▸ Brief: Use the entries below and reproduce exactly the lines from the one containing "L7 x YNHP 다이어리는" down to the one containing "The Emergency Food", both of them included.

▸ Input for this task:
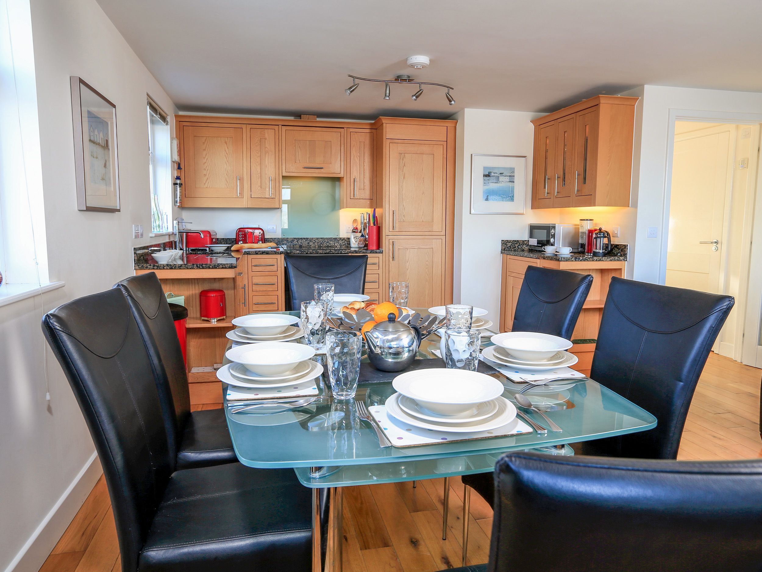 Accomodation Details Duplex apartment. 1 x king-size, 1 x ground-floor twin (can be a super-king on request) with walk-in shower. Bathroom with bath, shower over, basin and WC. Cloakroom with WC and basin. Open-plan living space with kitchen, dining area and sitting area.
--
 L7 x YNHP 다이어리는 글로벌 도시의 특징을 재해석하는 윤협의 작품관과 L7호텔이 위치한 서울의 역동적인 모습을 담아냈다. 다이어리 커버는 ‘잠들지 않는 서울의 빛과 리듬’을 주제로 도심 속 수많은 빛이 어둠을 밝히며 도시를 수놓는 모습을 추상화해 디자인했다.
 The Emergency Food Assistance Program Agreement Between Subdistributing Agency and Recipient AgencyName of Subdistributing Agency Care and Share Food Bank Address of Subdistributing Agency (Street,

▸ Response to the task:
 L7 x YNHP 다이어리는 글로벌 도시의 특징을 재해석하는 윤협의 작품관과 L7호텔이 위치한 서울의 역동적인 모습을 담아냈다. 다이어리 커버는 ‘잠들지 않는 서울의 빛과 리듬’을 주제로 도심 속 수많은 빛이 어둠을 밝히며 도시를 수놓는 모습을 추상화해 디자인했다.
 The Emergency Food Assistance Program Agreement Between Subdistributing Agency and Recipient AgencyName of Subdistributing Agency Care and Share Food Bank Address of Subdistributing Agency (Street,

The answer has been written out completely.